**Stored entries:**
◆ ◆ ◆ ◆ ◆ ◆ ◆

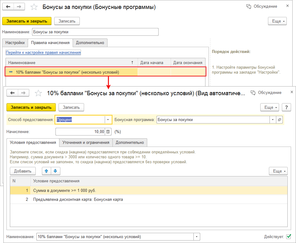 2. Создать правила начисления бонусов на закладке Правила начисления.
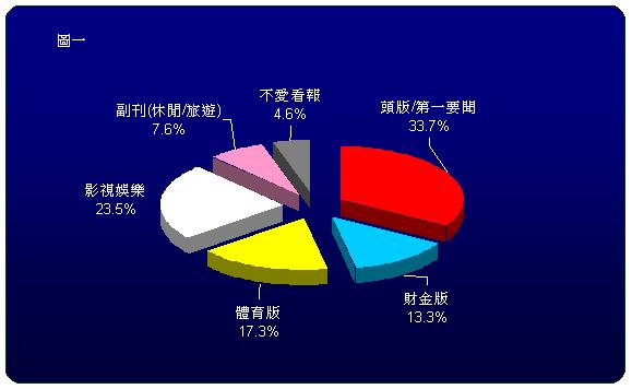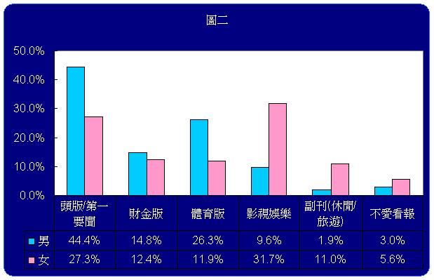 從性別差異觀察男、女閱報偏好習性的不同,則與一般印象沒有太大差異,從【圖二】可看出看報時首先翻閱「影視娛樂」與「副刊」兩版的女性比例高於男性,女性對「影視娛樂」、「副刊」較感興趣或較為注意,分別佔31.7%
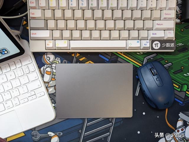 鼠标、键盘和内容的共享在我们的测试中,共享的鼠标和键盘似乎没有受到限制——只要连接到这两个设备,就可以用来控制。我们使用了一台11英寸的iPad Pro(第三代)(俗称iPad Pro M1)和一台Mac mini(2020,M1),前者配有iPad Pro的智能键盘,后者配有HHKB键盘、Magic Trackpad和罗技MX Anywhere 2s鼠标,用于测试。测试中,两种键盘都能在iPad和Mac上输入内容(本文是用iPad的奇妙键盘在Mac上打出的);同时,iPad智能控制键盘的内置触摸板也可以控制Mac上的鼠标;连接到Mac的触摸板和鼠标也可以用来控制iPad。
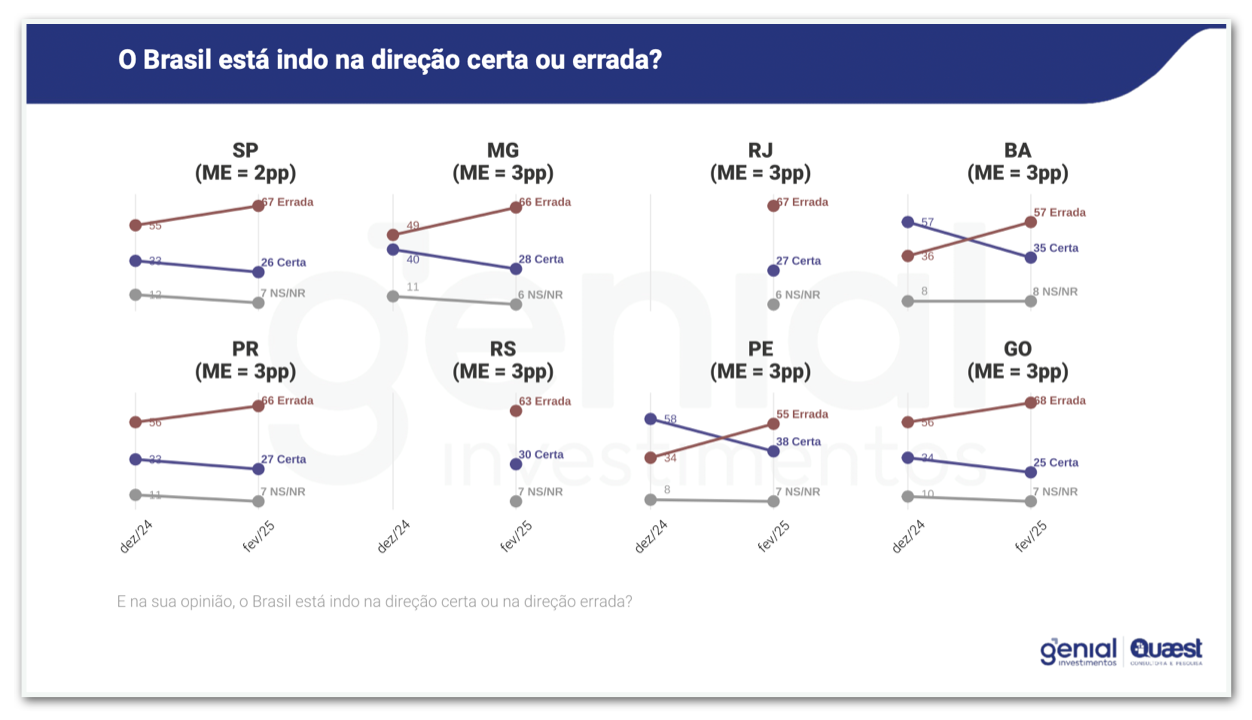 Большинство респондентов из всех штатов сказали, что Бразилия идет в неправильном направлении. «Без определенного направления правительство передает отсутствие безопасности населениюСказал Нунес.
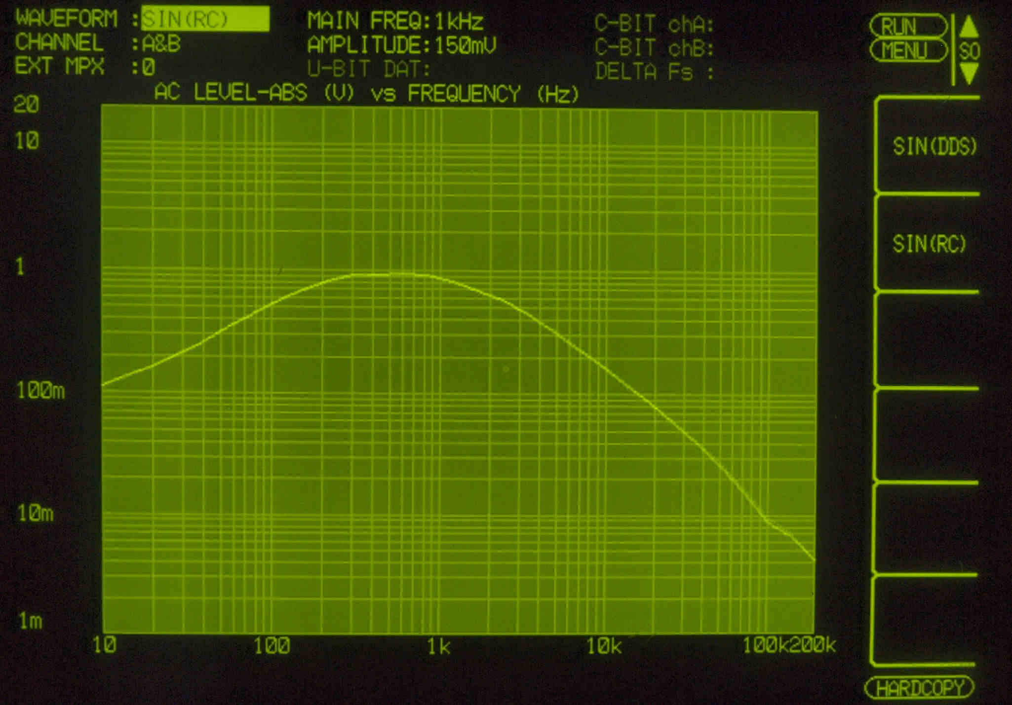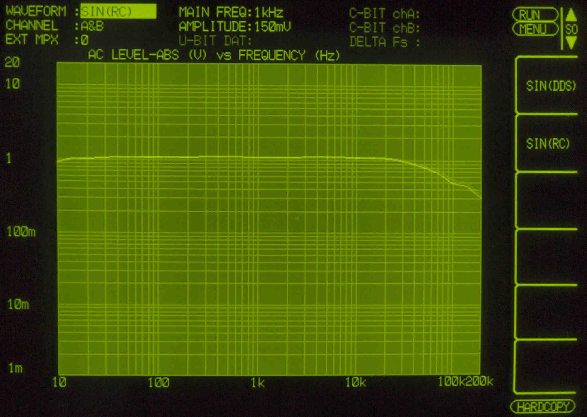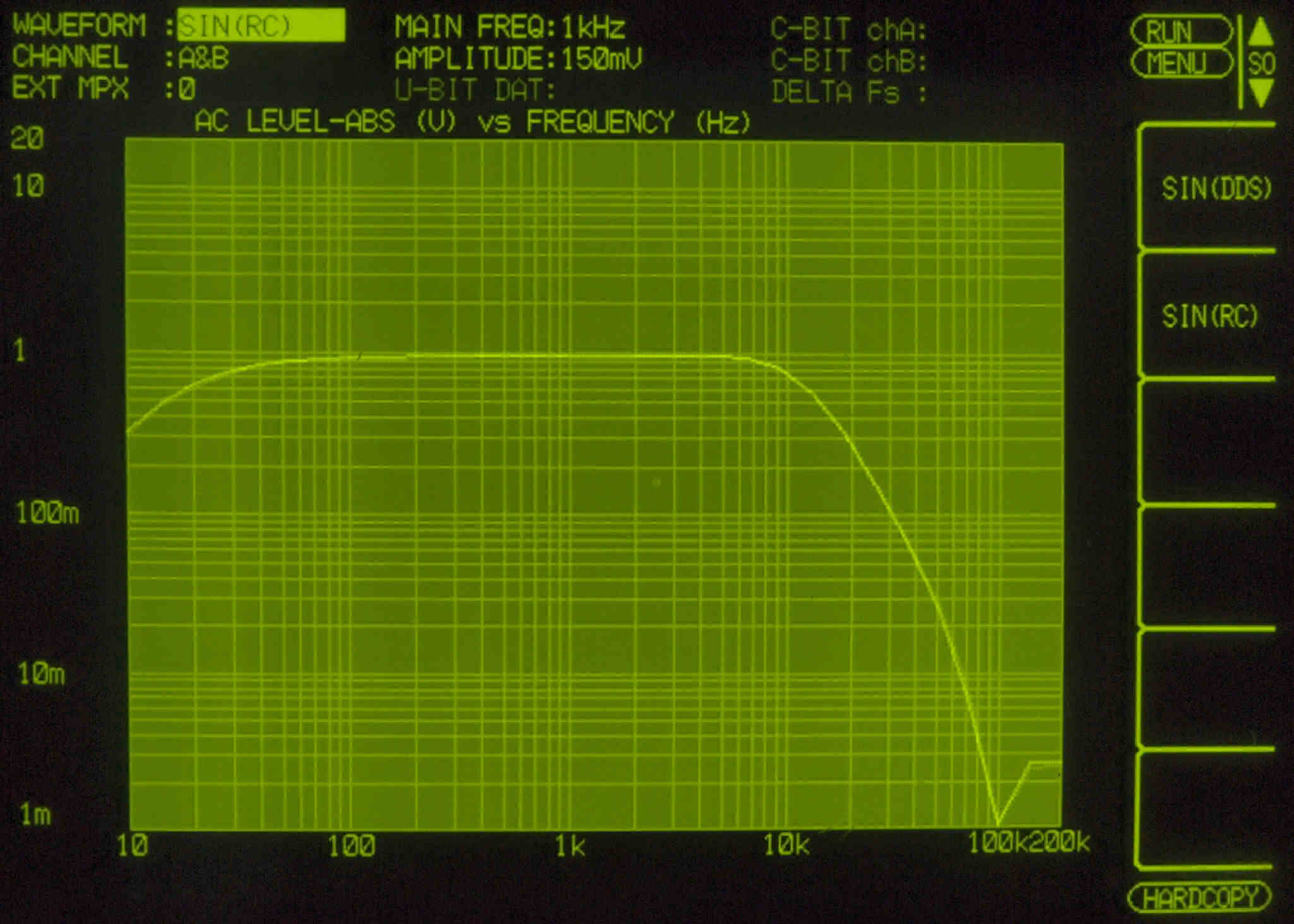 AUX入力端子へ150mV一定入力、VRはmax、左出力=薄(細い)色 右出力=濃い(太い)色。

◆ ◆ ◆ ◆ ◆ ◆ ◆

**WHAT YOU WILL DO:**
Return all records verbatim and drop the pictures.

**ANSWER SECTION:**
 2. Создать правила начисления бонусов на закладке Правила начисления.
 從性別差異觀察男、女閱報偏好習性的不同,則與一般印象沒有太大差異,從【圖二】可看出看報時首先翻閱「影視娛樂」與「副刊」兩版的女性比例高於男性,女性對「影視娛樂」、「副刊」較感興趣或較為注意,分別佔31.7%
 鼠标、键盘和内容的共享在我们的测试中,共享的鼠标和键盘似乎没有受到限制——只要连接到这两个设备,就可以用来控制。我们使用了一台11英寸的iPad Pro(第三代)(俗称iPad Pro M1)和一台Mac mini(2020,M1),前者配有iPad Pro的智能键盘,后者配有HHKB键盘、Magic Trackpad和罗技MX Anywhere 2s鼠标,用于测试。测试中,两种键盘都能在iPad和Mac上输入内容(本文是用iPad的奇妙键盘在Mac上打出的);同时,iPad智能控制键盘的内置触摸板也可以控制Mac上的鼠标;连接到Mac的触摸板和鼠标也可以用来控制iPad。
 Большинство респондентов из всех штатов сказали, что Бразилия идет в неправильном направлении. «Без определенного направления правительство передает отсутствие безопасности населениюСказал Нунес.
 AUX入力端子へ150mV一定入力、VRはmax、左出力=薄(細い)色 右出力=濃い(太い)色。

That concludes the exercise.